By sharing the cost we shall relieve the burden on parents and taxpayers. The parental contribution will 637 come down by nearly half over time, and if the noble Baroness looks at the White Paper she will see that in chart 8 on page 15.
For 30 years Britain has had the most generous student support system in the world, but participation in higher education continues to be relatively poor. A smaller proportion of our young people (32 per cent.) enters higher education than in the countries of many of our main competitors. The socioeconomic groups C2, D and E constitute 61 per cent. of our 18 year-old population, but supply only 21 per cent. of university entrants and 27 per cent. of polytechnic entrants. Therefore, they are considerably under-represented in higher education. Our plans are that they will be better represented in higher education in the future.
The Government aim to expand higher education, which has already risen by 180,000 students since 1979. We need a more flexible student support system to underpin that expansion and the broadening of entry which we seek. Loans will be available to all full-time higher education students, except postgraduates who will be covered by the other scheme, irrespective of their entitlement to grant. Students will also be able to seek help from one of the three access funds.
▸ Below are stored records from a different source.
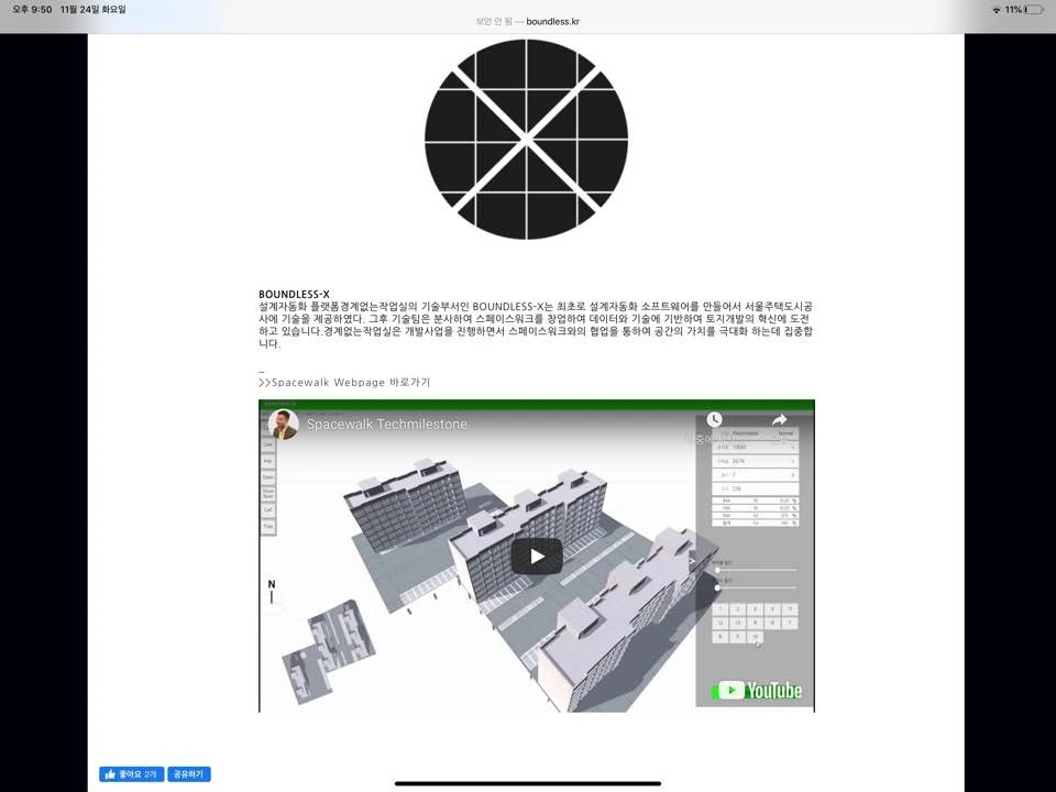 bounless-x의 경우에는 설계 자동화 소프트웨어를 설명하고 있다. 지금은 스페이스워크를 창업하여 따로 운영하며 웹페이지 링크 또한 나와있다. 스페이스 워크의 웹페이지가 더 잘 디자인되어 있고 그 안에서 경계없는 작업실의 사람들을 발견할 수 있었다.
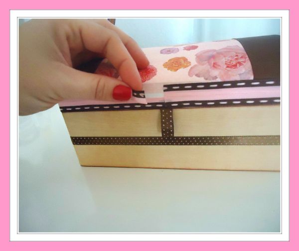 Logo após, pegue o guardanapo de decoupage, retire as duas películas protetoras, cole na parte interna da tampa e alise com a mão, protegida por plástico, para não correr risco de rasgar. Faça decoupage nas laterais e na parte de cima. Lixe as sobras com uma lixa de unha. Corte e cole, com cola para tecido, a fita na parte superior lateral do guardanapo. Para a parte interna da tampa, corte as fitas de sua preferência para fazer a moldura. Faça o biquinho dos cantos. No momento de colar, com cola de silicone, para não correr o risco de manchar, talvez precise acertar as pontas, de modo que fique com encaixe perfeito. Coloque a tampa sobre a base e comece a colar, com cola para tecido, as fitas que envolvem as laterais da tampa. Na inferior que cobrirá a alça, a emenda ficará para frente; a parte detrás esconderá a ponta da fita que estará na vertical.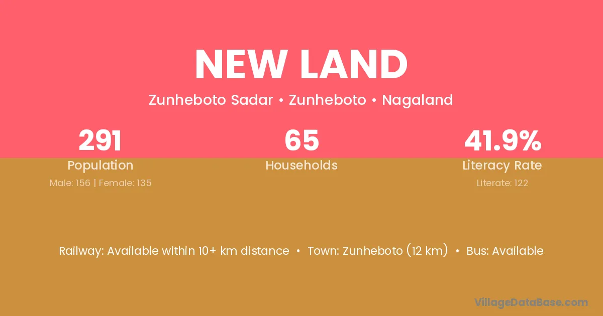 Zunheboto (12 km) is the nearest town to New Land village for major economic activities and is located approximately 12 km away.

As my right honourable friend said in the Statement, he is establishing three new access funds totalling £15 million to be administered by the institutions. It will he up to the institutions to decide how to target the money. The funds will provide discretionary bursaries in cases of special financial need. All students, including those without grants, will be eligible. That will enable institutions to attract more students.
I cannot go further than that at the moment, but I commend to your Lordships the White Paper which contains the answers to many of the points that have been raised.
§ Lord Boyd-Carpenter
My Lords, in taking this decision, has consideration been given to the possibility that the fact that graduates will start their working life with an obligation to repay a debt may be an inducement to some of them to work abroad, from where it may be difficult to recover the debt?
§ Viscount Davidson
My Lords, that point has been considered. It will be up to the financial institution providing the loan to ensure that the loan is repaid.
§ Lord Kilmarnock
My Lords, we too should like to thank the noble Viscount for repeating that important Statement. The urgent need in higher education, as has been said by all speakers so far, is to widen access and to increase the age participation rate. Despite its relative generosity compared with other countries, the present grant system has not succeeded in encouraging participation by lower income families. The parental contribution element often causes family friction in higher income groups. To restore the eroded value of grants and expand higher education at the same time would be enormously expensive. We therefore accept that some reform is necessary.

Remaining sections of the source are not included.